The second section of the problem will be tackled first to build a huggingfaces pipeline that is capable of generating a short story script when provided with one or more sentence starters

1. The bookcorpus dataset available on the huggingface model hub can be used to fine tune a GPT-based text generation model for making it suitable to the task of story script generation. However, the dataset is too large in a resource crunched environment to train within a reasonable amount of time. So for the purpose of this modeling exercise, around 60,000 samples are extracted from the entire dataset and used for fine tuning purpose. The following code which is commented out serves to extract the 60,000 random text samples. This could be uncommented and run only once when the notebook is executed for the first time. After the first run, the condensed dataset of 60,000 samples will be stored due to which we can again comment out the code section for the subsequent runs. In this step, the training dataset of 60,000 samples can be further split into training and validation sets by selecting a suitable split ratio

In [2]:
#from datasets import load_dataset
#import datasets
#raw_story_scripts_train = load_dataset('bookcorpus',split='train[:20%]+train[-20%:]')
#condensed_size = 60000
#raw_story_scripts={'train':raw_story_scripts_train}
#raw_story_scripts = datasets.DatasetDict(raw_story_scripts)
#raw_story_scripts_condensed = raw_story_scripts['train'].shuffle(seed=42).select(range(condensed_size))
#split_dataset = raw_story_scripts_condensed.train_test_split(test_size=0.2,seed=42)
#split_dataset['validation'] = split_dataset.pop('test')
#for split,dataset in split_dataset.items():
#    dataset.to_json(f'tiny-book-corpus-{split}.jsonl')

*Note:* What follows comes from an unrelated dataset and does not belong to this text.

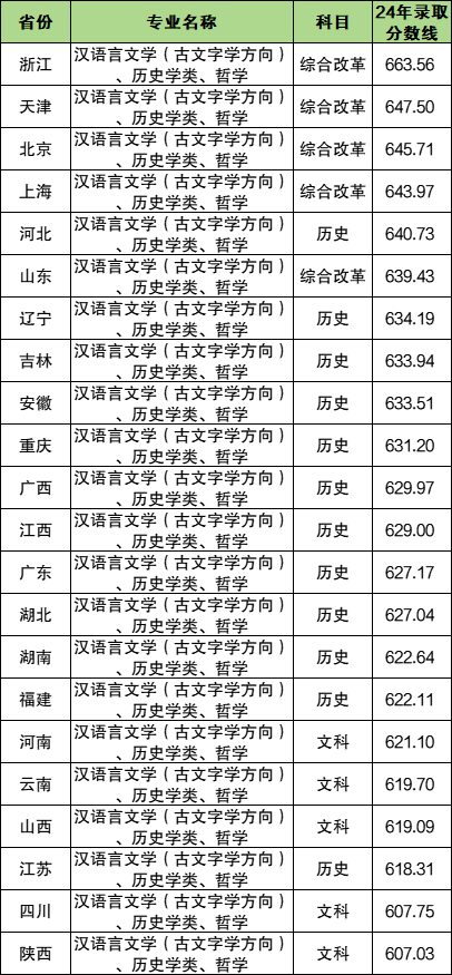 录取分数最高的省份为浙江,2024年分数为663.56分,招生专业有汉语言文学、历史学类、哲学;而录取分最低的省份是山西,2024年分数为607.03分。

2. The stored 60,000 samples can be loaded by providing the path of the local directory where the samples are stored. It should be ensured that the path string **/kaggle/input/inputs/** is replaced by the correct local directory path

In [3]:
from datasets import load_dataset
data_files = {'train':'/kaggle/input/inputs/tiny-book-corpus-train.jsonl','test':'/kaggle/input/inputs/tiny-book-corpus-validation.jsonl'}
split_dataset = load_dataset('json',data_files=data_files)
split_dataset['validation'] = split_dataset.pop('test')

Downloading and preparing dataset json/default to /root/.cache/huggingface/datasets/json/default-f976537655f3a925/0.0.0/ac0ca5f5289a6cf108e706efcf040422dbbfa8e658dee6a819f20d76bb84d26b...

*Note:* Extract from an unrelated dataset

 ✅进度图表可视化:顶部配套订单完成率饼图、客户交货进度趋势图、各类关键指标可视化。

Downloading data files:   0%|          | 0/2 [00:00<?, ?it/s]

Extracting data files:   0%|          | 0/2 [00:00<?, ?it/s]

Dataset json downloaded and prepared to /root/.cache/huggingface/datasets/json/default-f976537655f3a925/0.0.0/ac0ca5f5289a6cf108e706efcf040422dbbfa8e658dee6a819f20d76bb84d26b. Subsequent calls will reuse this data.


  0%|          | 0/2 [00:00<?, ?it/s]

In [4]:
split_dataset

DatasetDict({
    train: Dataset({
        features: ['text'],
        num_rows: 48000
    })
    validation: Dataset({
        features: ['text'],
        num_rows: 12000
    })
})

3. The training corpus dataset is sequentially subjected to tokenization and encoding following which it is used to fine-tune (just train the model head) of a text generation model. The model used here is a gpt2 like model with the checkpoint of 'distilgpt2'. This checkpoint is chosen because the underlying model is a lightweight version of the larger gpt2 model. The huggingface model hub provides the flexibility to load pretrained transformer models along with the tokenizers that are compatible with the particular model

In [5]:
from transformers import AutoTokenizer, GPT2LMHeadModel
model_checkpoint = 'distilgpt2'
tokenizer = AutoTokenizer.from_pretrained(model_checkpoint)
model = GPT2LMHeadModel.from_pretrained(model_checkpoint)

caused by: ['/opt/conda/lib/python3.10/site-packages/tensorflow_io/python/ops/libtensorflow_io_plugins.so: undefined symbol: _ZN3tsl6StatusC1EN10tensorflow5error4CodeESt17basic_string_viewIcSt11char_traitsIcEENS_14SourceLocationE']
caused by: ['/opt/conda/lib/python3.10/site-packages/tensorflow_io/python/ops/libtensorflow_io.so: undefined symbol: _ZTVN10tensorflow13GcsFileSystemE']


Downloading (…)lve/main/config.json:   0%|          | 0.00/762 [00:00<?, ?B/s]

Downloading (…)olve/main/vocab.json:   0%|          | 0.00/1.04M [00:00<?, ?B/s]

Downloading (…)olve/main/merges.txt:   0%|          | 0.00/456k [00:00<?, ?B/s]

Downloading (…)/main/tokenizer.json:   0%|          | 0.00/1.36M [00:00<?, ?B/s]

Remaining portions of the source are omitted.